Ahí estaba, efectivamente, delante de una estatuilla en yeso de Nuestra Señora de Lourdes y de una foto del marido y otra del hijo fallecido, en primera fila, las dos selfies enmarcadas que José Tomás había regalado a Margarita tiempo atrás, orientadas hacia el ataúd. No supimos qué decir, las gargantas se nos apretaban y no conseguíamos responder: Rodrigo fue el primero en llorar, luego José Tomás se quebró también y acabamos llorando todos, nosotros y los hijos de Margarita, unidos con el resto de los familiares que habían presenciado la conversación, todos tomados de la mano en torno al ataúd. Rezamos un padre nuestro, un avemaría y un gloria, todos juntos en un momento de comunión inolvidable, mientras contemplábamos ese rostro tan atormentado como sonriente de la difunta señora Margarita, esa sonrisa que atraía todas las miradas y nos consolaba haciéndonos pensar que estaba en un lugar mejor, liberada por fin de los sufrimientos de la tierra, abrazada quizá por su marido, por su hijo y por su nieto en el más allá; tanto dolor transformado de golpe en felicidad, como se abre una rosa después de ser regada con lágrimas y sangre. Su sonrisa nos reconfortaba: «¡Han venido! —parecía querer exclamar con alegría incombustible—, han venido incluso a mi velorio, chiquillos, ¡gracias! Por cierto, estoy sensacional. Cuando llegué aquí contemplaba a Dios solo con los ojos del alma, pero después un serafín muy buen mozo me prestó algunos de los ojos que lleva en sus alas y ¡no se imaginan lo bien que veo aquí! ¡Vengan pronto, chiquillos, y no se preocupen mucho por el dolor que sufren en la vida, que todo eso encuentra aquí su consuelo. ¡Vengan a verme también aquí, no se demoren mucho!».
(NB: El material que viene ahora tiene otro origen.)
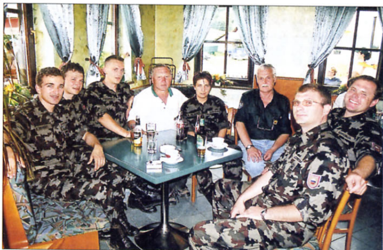
Konec dober, vse dobro po zaključku pohoda v Lenartu

jo podatke o novih članih, ki jim v strokovni službi samo dodamo člansko številko, in to tako, da so vse spremembe dobesedno sočasno opravljene tudi v centralni evidenci. Vsi podatki so zaščiteni tako, da nepoklicani do njih nimajo dostopa.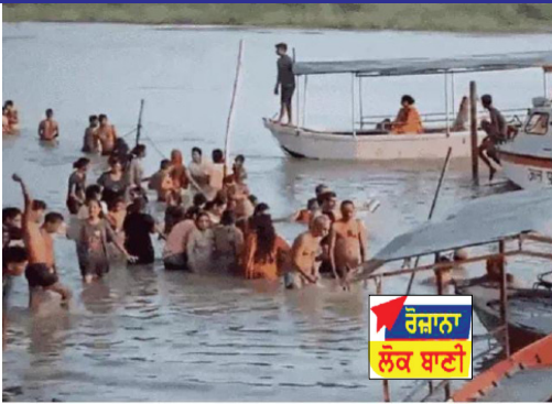
ਰੋਜ਼ਾਨਾ ਲੋਕ ਬਾਣੀ

ਕਾਨਪੁਰ (ਸੁਨੀਲ ਬਾਜਪਾਈ) ਅੱਜ ਐਤਵਾਰ ਨੂੰ ਗੁਰੂ ਪੂਰਨਿਮਾ ਦੇ ਮੌਕੇ ਤੇ ਪਰਮਾਤਮਾ ਅਤੇ ਬਿਰੁਹ ਗੰਗਾ ਘਾਟ ਤੇ ਸ਼ਰਧਾਲੂਆਂ ਦੀ ਭੀੜ ਇਕੱਠੀ ਹੋਈ। ਭਗਤੀ: ਸਵੇਰ ਤੋਂ ਹੀ ਵੱਡੀ ਗਿਣਤੀ ਚ ਸੰਗਤਾਂ ਗੰਗਾ ਘਾਟ ਤੇ ਪੁੱਜੀਆਂ ਅਤੇ ਗੰਗਾ ਚ ਇਸ਼ਨਾਨ ਕਰਨ ਦੇ ਨਾਲ-ਨਾਲ ਆਪਣੇ ਗੁਰੂ ਦਾ ਸਿਮਰਨ ਕੀਤਾ ਅਤੇ ਅਰਦਾਸ ਕੀਤੀ।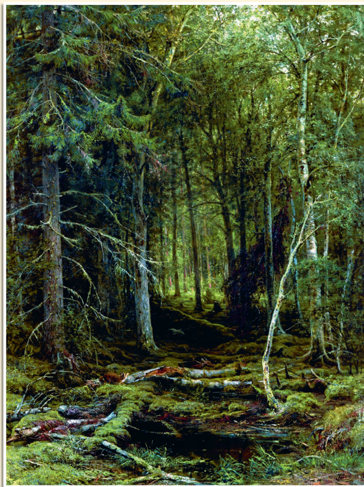
И. Шишкин «Лесная глушь», 1872.

О тцветает со звоном алый жар-цвет на солнечных лесных опушках, в тёмных лесных чащах жизнь будто засыпает волшебным сном. Тяжело склоняются ракиты ветвистые над реками, бегущими к морям дальним, а берега расступаются, не в силах противостоять силе воды.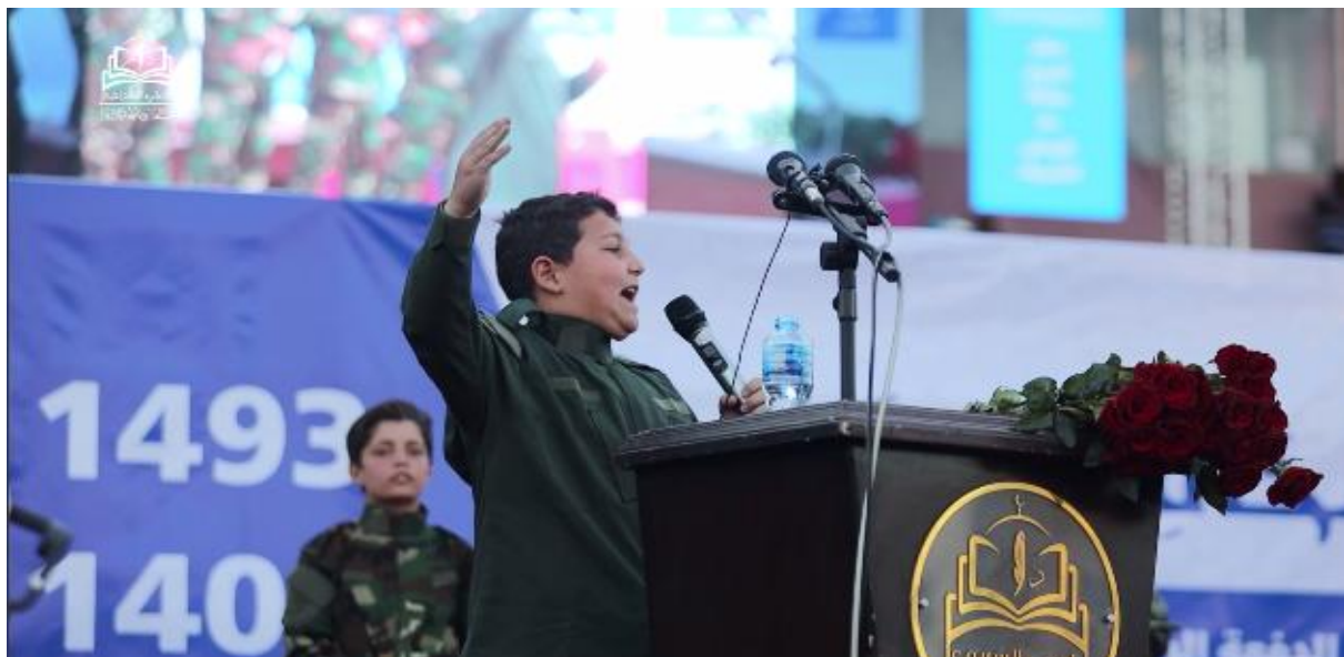
תלמיד נושא דרשה מול קהל (פרסום: 11 במאי 2025)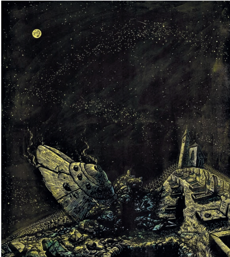
Bogovi so padli na zemljo, linorez, 2019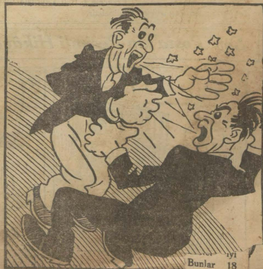
Bunlar 18 Kiymetleri

10 paradan 250 kuruşa kadar- dır. Miktarı 120 milyon ola- caktır.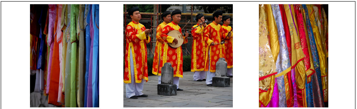
Spectacle et garde-robes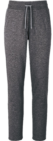
328 anthrazit meliert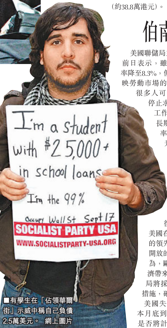
■有學生在「佔領華爾街」示威中稱自己負債2.5萬美元。 網上圖片

美國矽谷聯網及矽谷社區基金會前日公布去年的「矽谷指數」，顯示當地就業率有明顯復甦跡象。雖然當地失業率為8.3%，與全國失業率相同，但也較加州失業率的10.9%為低。根據報告，除了製造業未有增長外，其餘行業都錄得增幅，當中主要為高科技行業，如雲端運算、手機裝置、手機應用程式、互聯網公司及社交媒體。 ■法新社/美聯社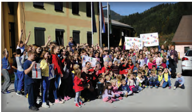
Skupinska fotografija je nastala v okviru dobrotelne akcije Mali koraki za velik cilj

Na naši šoli je pestro tudi kulturno dogajanje. Učenci, otroci v vrtcu in zaposleni vsako leto pripravljamo številne prireditve v šoli in v obeh krajih ter tako bogatimo kulturni utrip šole in kraja. Nekaj prireditev je že kar tradicionalnih, trudimo pa se vnašati v vsakodnevno življenje čim več novosti in sodobnih oblik umetnosti. Septembra imamo že kar tradicionalne prireditve; prvi delovni dan v šolskem letu je namenjen sprejemu prvošolcev, obeležimo svetovni dan jezikov, zadnje dni septembra pa smo na Juvanovih prodih imeli prireditev z naslovom Povodni mož v Savinji, v okviru projekta Dediščina gre v šole.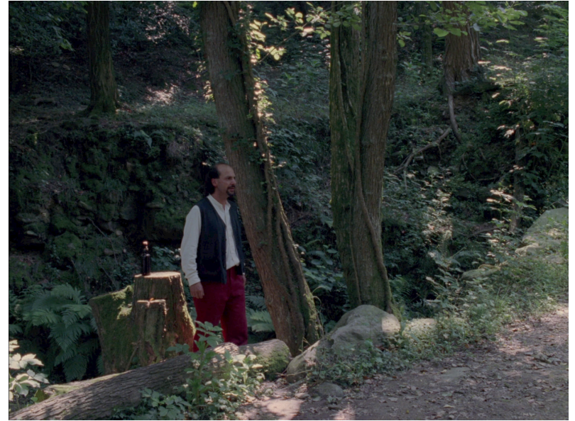
Il ritorno del figlio prodigo (2003)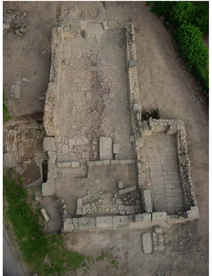
Fig. 208 – Vue générale de l'église Saint-Hilaire à Moutier-Rozeille, Creuse (cliché : J. Roger, INRAP).

sont en position de remploi, sans que leur lieu de provenance ne soit pour l'instant identifié (Adam, Jambon, 1996).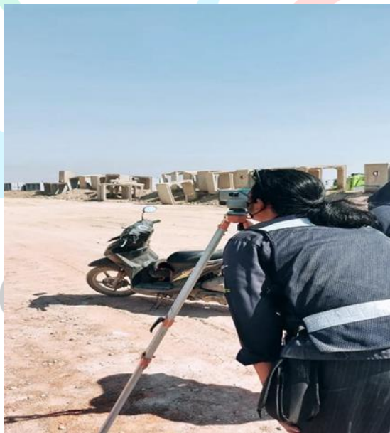
Gambar 2.3 Proses Checklist Material

Menentukan elevasi dasar memiliki tujuan untuk menentukan dasar dan ketebalan suatu permukaan. Pekerjaan ini dilakukan pada pemasangan sub grade , sub base course , dan base course . Terdapat gambar proses penentuan elevasi dasar.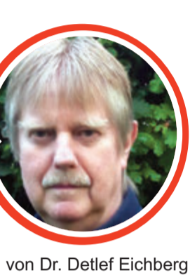
von Dr. Detlef Eichberg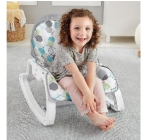
大きくなったらロッキングチェア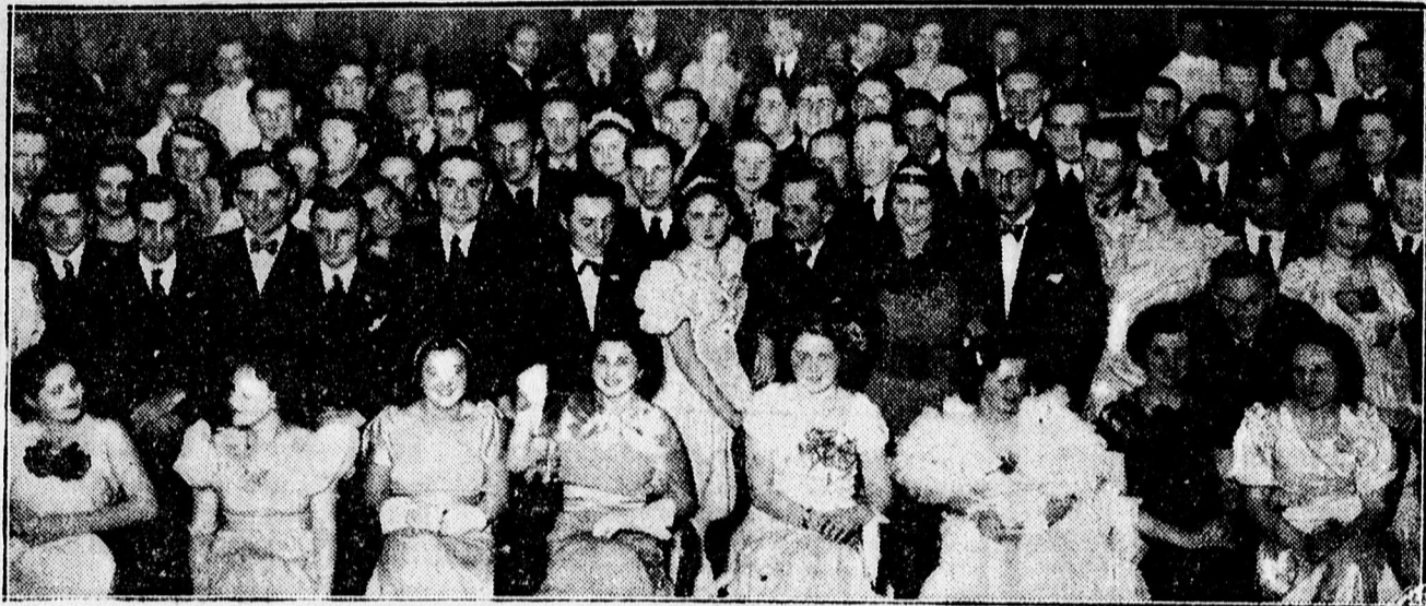
Az Arany Bikában tartott Szent László estély iatalsága.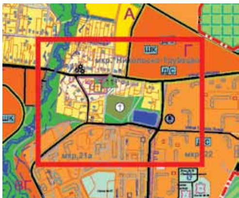
Так выглядят границы кладбища на Генплане...

Жители 21-го микрорайона Балашихи в скором времени могут лишиться не только прибрежной зоны реки Пехорки, где по новым градостроительным планам планируется построить несколько многоквартирных домов, но и последних участков зеленых насаждений, окружающих микрорайон. Они опасаются, что взамен кустарника прямо под их окнами появится широкая полоса свежих могил.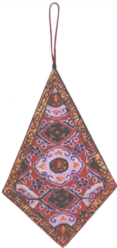
清宫收藏 白纱纳锦绣 四出锦纹褡裢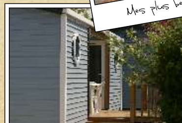
Mon logement au Sabia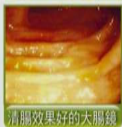
清腸效果好的大腸鏡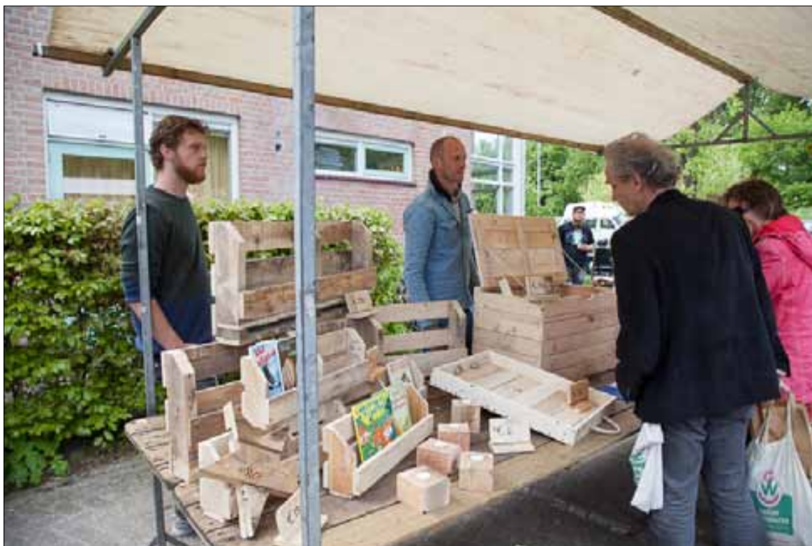
Meer foto's kunt u bekijken op www.zevenkamp.info onder de knop Bewonersorganisatie Zevenkamp

De Hemelvaartsmarkt vindt ieder jaar plaats op de in het groen gelegen werkplaatsenlocatie 'de Pleiaden' aan de Wollefoopenweg. Bij deze werkplaatsen worden kwalitatief duurzame en ambachtelijke producten gemaakt. Cliënten leren hier een ambachtelijk vak en kunnen zo op hun eigen manier een bijdrage leveren aan de samenleving.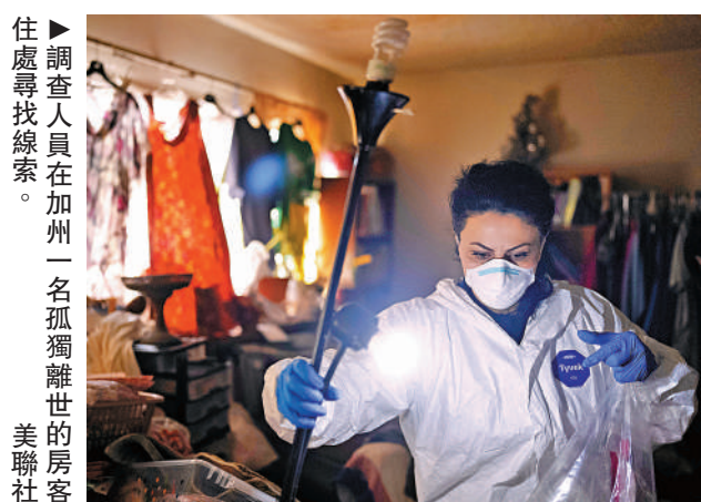
住處尋找線索。美聯社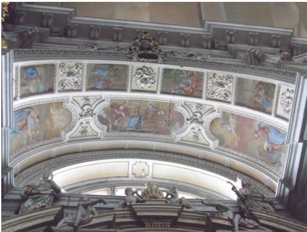
12. Stará Boleslav, kostel Nanebevzetí Panny Marie, 1617-1623, Berkovská kaple, nástropní freska.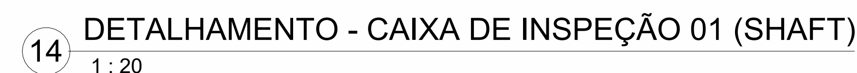
14 DETALHAMENTO - CAIXA DE INSPEÇÃO 01 (SHAFT)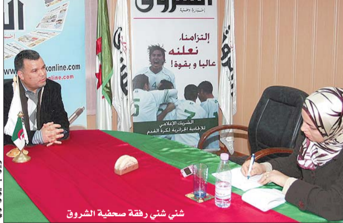
شني شني رفقة صحفية الشروق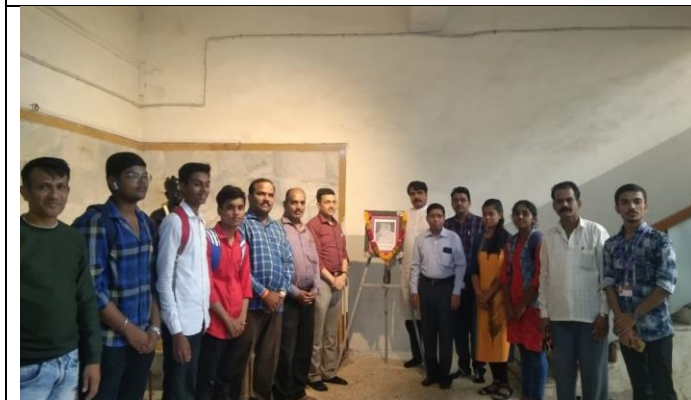
Karmveer Bhaurao Patil Birth Anniversary 22.09.2022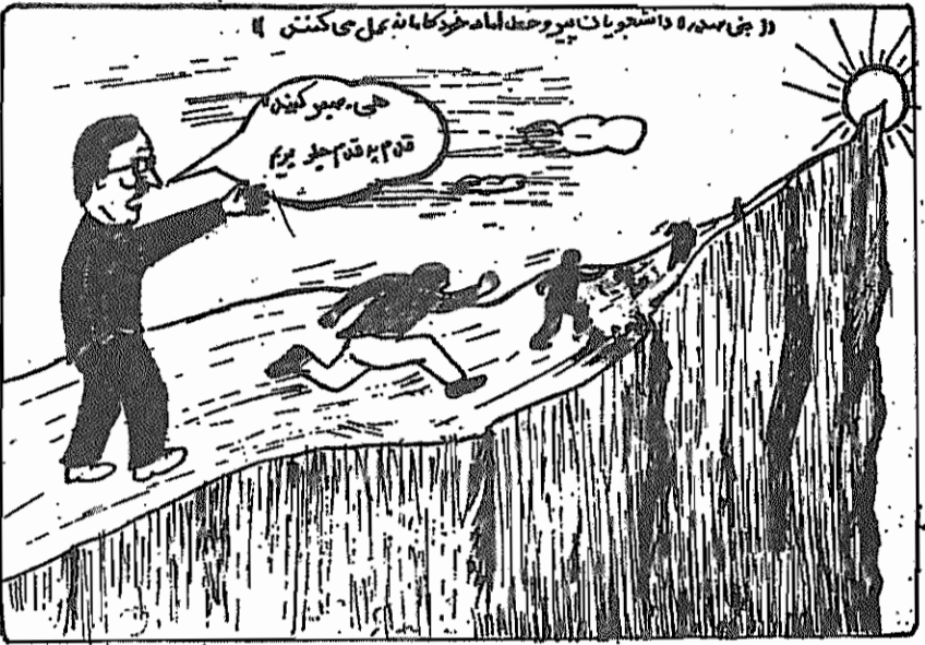
(آزادگان، ۱۸ بهمن ۵۸)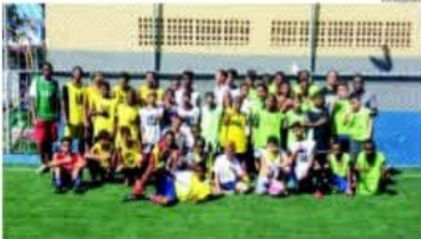
Os meninos do Renovação FC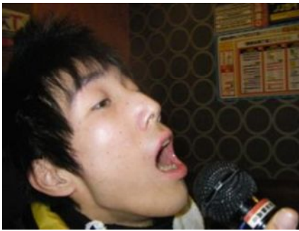
ぼくはジャーニースー筋! ひとすじ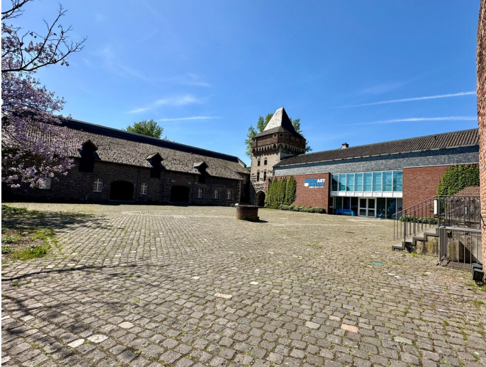
Burghof der Burg Friedestrom in Zons mit Brunnen, Wohnturm und dem Mundartarchiv (2025).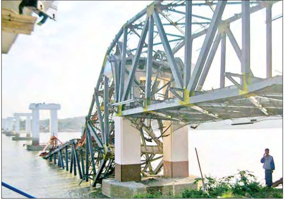
သပိတ်ကျင်းမြို့၌ ၂၀၁၂ ခုနှစ်တွင် အင်အား ရစ်(ချိ)တာစကေး ၆ ဒသမ ၈ လှုပ်ကြီး လှုပ်ခတ်မှုကြောင့် ဧရာဝတီမြစ်ကူး ရတနာသင်္ဘောတန်း ပြိုကျပျက်စီးမှုကို တွေ့ရစဉ်။

ထူးခြားမှုအနေဖြင့် ကမ္ဘာ့မြေငလျင်များလှုပ်ခဲ့သည့် သမိုင်းတွင် ၁၉၇၅ ခုနှစ် ဖေဖော်ဝါရီလ ၄ ရက်က တရုတ် ပြည်သူ့သမ္မတနိုင်ငံ မန်ချူးရီးယားပြည်နယ်တွင် လှုပ်ကြီး လှုပ်မည်ကို လှုပ်ခတ်မှုပညာရှင်များက ကြိုတင်သတိပေးမှု များ ပြုလုပ်နိုင်ခဲ့ကြောင်း သုတေသနလှုပ်ခတ်မှုတမ်းများ အရ သိရသည်။ ။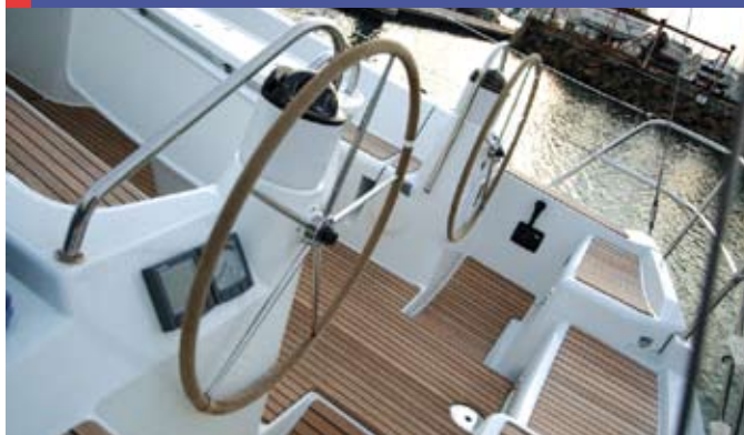
Un double poste de barre facilite la circulation.

Salimos a la calle en silencio, acompañados por los hermanos con la seriedad de una procesión de Semana Santa. Nos mirábamos y no sabíamos cómo despedirnos. Primero un abrazo, luego otro. Promesas de oraciones, nuevos agradecimientos, una foto. Al final conseguimos separarnos y caminamos de regreso al coche, en silencio, conscientes de que llevaríamos siempre a Margarita y su sonrisa en nuestro corazón. No éramos médicos, ni psicólogos, ni trabajadores sociales, es verdad, en eso no pudimos darle una ayuda profesional, pero habíamos tenido la fortuna de ser adoptados por Margarita como sus nietos, y eso seguiremos siendo por toda la eternidad.